I am using Gauss by Aptech programming language on a cluster with 32 cores per node, see
http://products.amd.com/pages/opteroncpudetail.aspx?id=648&AspxAutoDetectCookieSupport=1
and 128 Gb RAM, Linux 64bit. I am running some 32 threads codes written by me in Gauss handy and straightforward syntax.
During execution, I have noticed that the CPU time is taken for 85% by the user and for 15% by the system. I suspect this is due to Moving threads between cores, i.e. thread switching. Because of this, scaling from 16 to 32 threads does not -- generally -- improve performance. CPU times level to the 16 threads even when executing a 32 threads code of mine. Only in 5% of the experiments performed, it occurred mysteriously, that the system CPU % dropped to 0% and the performance swelled to almost linear figures.
Therefore, I have been suggested to use the syntax
KMP_AFFINITY=proclist=[0-15],explicit
to modify the environment variable so to lock a core for each CPU. Unfortunately, this is an Intel processors syntax. While I am using an Opteron.
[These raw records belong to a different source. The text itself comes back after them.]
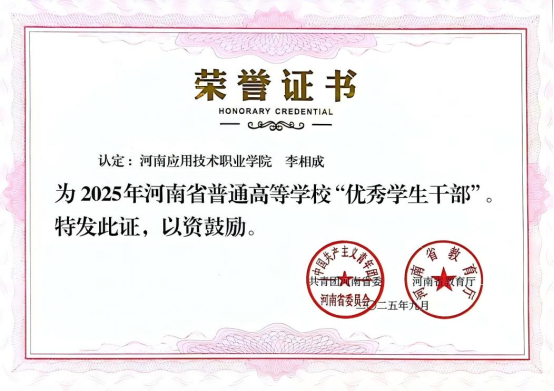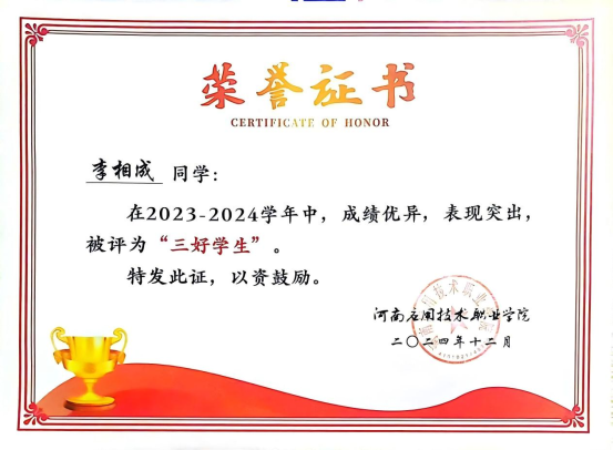 在担任班长期间,李相成展现了他细致入微、体贴关怀的一面。他始终将同学们的冷暖放在心上:有同学生病,他主动帮忙整理笔记、送饭送药;有同学因学业压力情绪低落,他耐心开导,分享经验;天气变化,他及时提醒大家增减衣物;同学间出现矛盾,他第一时间介入调解,化解隔阂。这些看似平凡的小事,却如春雨般滋润着班集体。他温暖的举动,让班级充满家的温度,也成了同学们最信赖的贴心人。在他的带领下,造价2301班于2024年12月荣获校级“先进班集体”称号,2025年荣获省级“先进班集体”称号。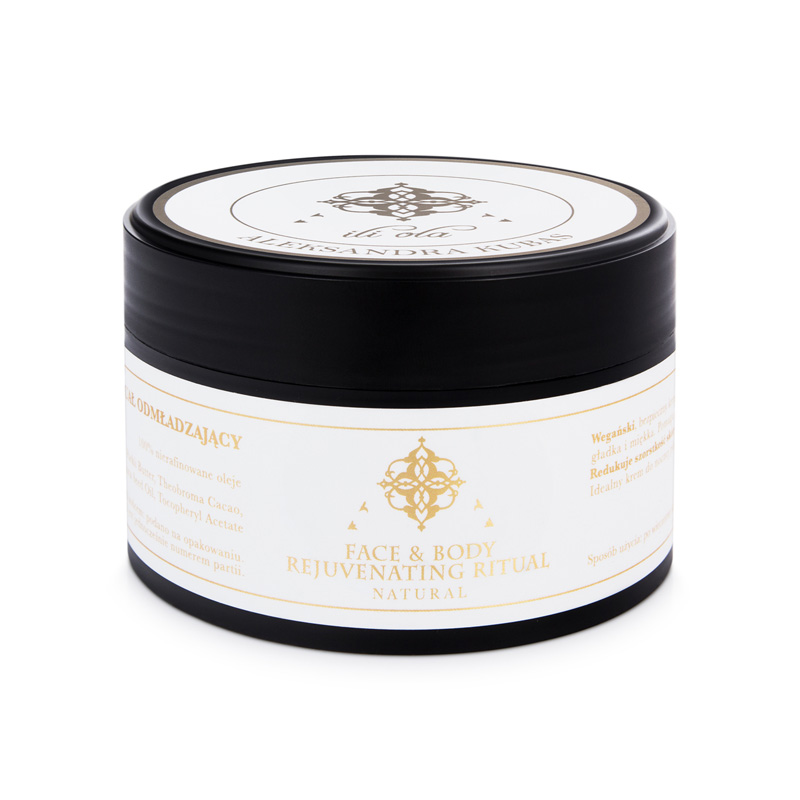 Face & Body Rejuvenating Ritual Natural - Naturalny mus do twarzy i ciała ma niebywale lekką konsystencję oraz nie posiada dodatkowych kompozycji zapachowych. Ma bezpieczną formułę, dzięki czemu sprawdzi się nawet w przypadku skóry wymagającej i wrażliwej. Skóra po użyciu odzyskuje miękkość, staje się jedwabiście gładka i świetlista. Masło redukuję uczucie swędzenia, ściągnięcia oraz łagodzi podrażnienia skóry. Polecane jest dla skóry odwodnionej oraz przesuszonej. Idealnie sprawdzi się również po opalaniu, gdy skóra jest zniszczona oraz podrażniona przez słońce. W składzie znajdziemy 50% zawartości nierafinowanego masła shea, który nie tylko odżywia skórę lecz działa przeciwstarzeniowo. Regularne stosowanie pozwoli również na spłycenie zmarszczek.
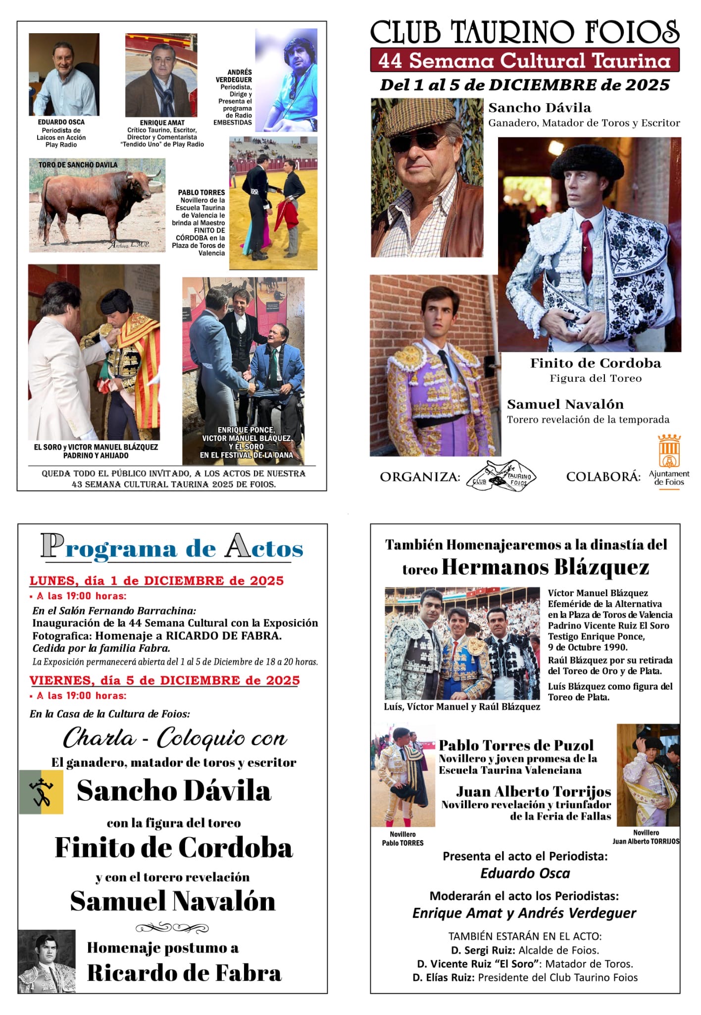 A las 19:00 horas: En la Casa de la Cultura de Foios. Charla Coloquio con el ganadero, matador de toros y escritor Sancho Dávila, y los matadores de toros Finito de Córdoba y Samuel Navalón. Presenta el acto Eduardo Osca.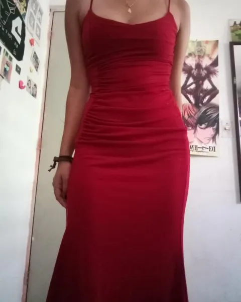 Vendedora con experienciaPrecioso vestido rojo, con abertura en la pierna y fruncido en el abdomen. Me encantaLa tela tiene brillitos y se ve increíble de noche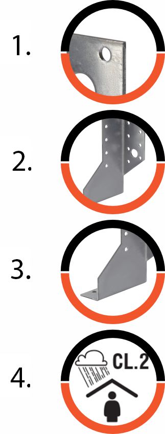 Wieszak SDE posiada perforacje, które umożliwiają precyzyjne umieszczenie gwoździ lub śrub. Konstrukcja dwuczęściowa pozwala na łatwiejszy montaż, szczególnie w trudnodostępnych miejscach.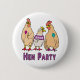 Festa de Despedida de Solteira ou Noite das Galinhas mostra três galinhas fora celebrando o próximo casamento. A noiva usa uma coroa e véu e suas amigas estão lá para apoiá-la.

Therefore, my question is: which is the equivalent syntax for Opteron based systems ?
Finally, does anyone have an explanation for the mystery I depicted above: i.e. several runs of the same code in which in a few cases on the same cluster node performance is much better than in the rest of the cases. A few cases in which user's CPU time is near 100% while system time goes to 0%.
Ideally, this would be the kind of execution pursued in view of an higher scalability.